The reply should reproduce every line of the data below word for word, minus any images.

(Extracted data Opens)

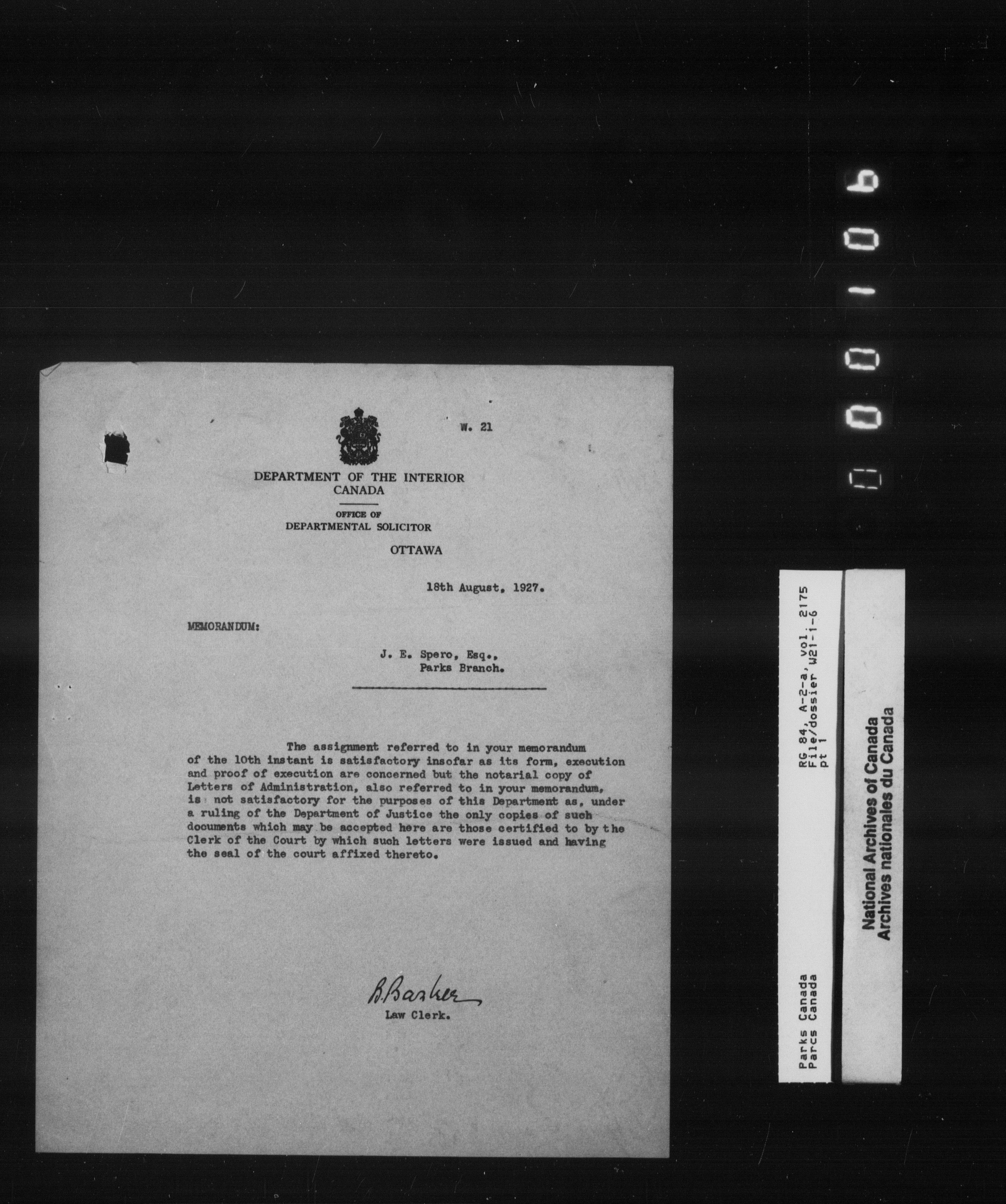 Department of Canadian Heritage, Canadian Parks Service : Park/subject classification system - 9850
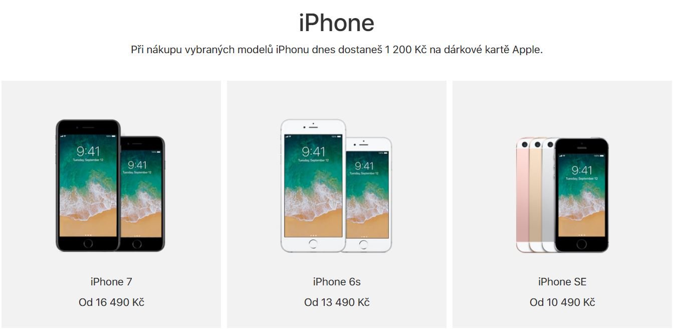 1 200 korun vám Apple dobije, i pokud si koupíte iPhone, ovšem pouze, jedná-li se o iPhone 6s (Plus) nebo iPhone 7 (Plus). Letošní iPhony do akce zařazeny nejsou, k iPhonu SE dostanete na Apple kartu 600 korun.
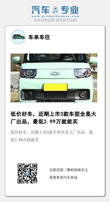 今天我们就来盘点近期10万内上市的低价好车,它们都是大厂出品,品质有保障,纯市区代步、家用型都有,最低售价仅为2.99万,话不多说,一起来看看。
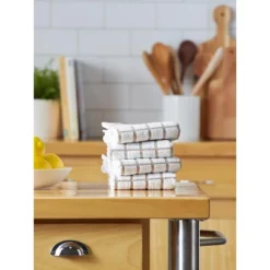 Design Imports Terry Windowpane Dishtowel Set 4 Piece, 16X26″, Stone
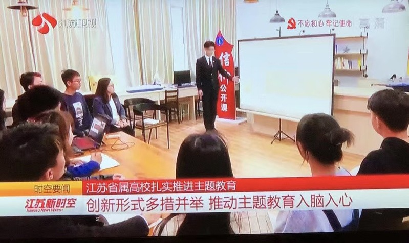 景荣春党支部所在的江苏科技大学是一所以船舶海洋为典型特色的高校,国产航母、海洋石油981平台、“蛟龙号”深潜器,这些大国重器无不凝结着江苏科技大学师生的智慧,为了让同学们在大国重器的氛围中感受向海图强的宏伟蓝图,党支部在巫蓉书记带领下创建爱国思政移动课堂,把思政教育的阵地搬到船舶模型馆、大型实验室,面向全校学生,主讲《大有可为的时代,大有可为的你》新思想公开课,获评江苏省“信仰公开课”示范课,与学生们共同学习习近平总书记系列讲话精神,引导高校青年学子不忘初心砥砺奋进,被学校作为主题教育典型案例进行宣传,先后登上学习强国平台3次。党支部一系列创新形式多举并措,主题教育入脑入心的做法受到江苏省电视台“高校扎实推进主题教育”专访并在江苏卫视“江苏新时空”新闻栏目报道。
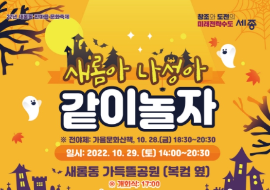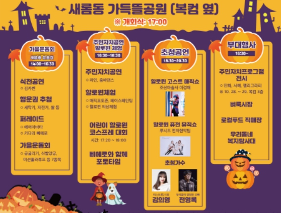 이어 오후 5시 개회식을 시작으로 밤 8시 30분까지 가득뜰 근린공원에서 진행하는 문화나눔축제는 어린이 할로윈 코스프레 대회, 할로윈 고스트 매직쇼, 퓨전 뮤직쇼는 물론, 가수 김의영·전영록 초청공연이 진행된다.

(Extracted data Closes)

> _Reply to the task_
 Department of Canadian Heritage, Canadian Parks Service : Park/subject classification system - 9850
 1 200 korun vám Apple dobije, i pokud si koupíte iPhone, ovšem pouze, jedná-li se o iPhone 6s (Plus) nebo iPhone 7 (Plus). Letošní iPhony do akce zařazeny nejsou, k iPhonu SE dostanete na Apple kartu 600 korun.
 今天我们就来盘点近期10万内上市的低价好车,它们都是大厂出品,品质有保障,纯市区代步、家用型都有,最低售价仅为2.99万,话不多说,一起来看看。
 Design Imports Terry Windowpane Dishtowel Set 4 Piece, 16X26″, Stone
 景荣春党支部所在的江苏科技大学是一所以船舶海洋为典型特色的高校,国产航母、海洋石油981平台、“蛟龙号”深潜器,这些大国重器无不凝结着江苏科技大学师生的智慧,为了让同学们在大国重器的氛围中感受向海图强的宏伟蓝图,党支部在巫蓉书记带领下创建爱国思政移动课堂,把思政教育的阵地搬到船舶模型馆、大型实验室,面向全校学生,主讲《大有可为的时代,大有可为的你》新思想公开课,获评江苏省“信仰公开课”示范课,与学生们共同学习习近平总书记系列讲话精神,引导高校青年学子不忘初心砥砺奋进,被学校作为主题教育典型案例进行宣传,先后登上学习强国平台3次。党支部一系列创新形式多举并措,主题教育入脑入心的做法受到江苏省电视台“高校扎实推进主题教育”专访并在江苏卫视“江苏新时空”新闻栏目报道。
 이어 오후 5시 개회식을 시작으로 밤 8시 30분까지 가득뜰 근린공원에서 진행하는 문화나눔축제는 어린이 할로윈 코스프레 대회, 할로윈 고스트 매직쇼, 퓨전 뮤직쇼는 물론, 가수 김의영·전영록 초청공연이 진행된다.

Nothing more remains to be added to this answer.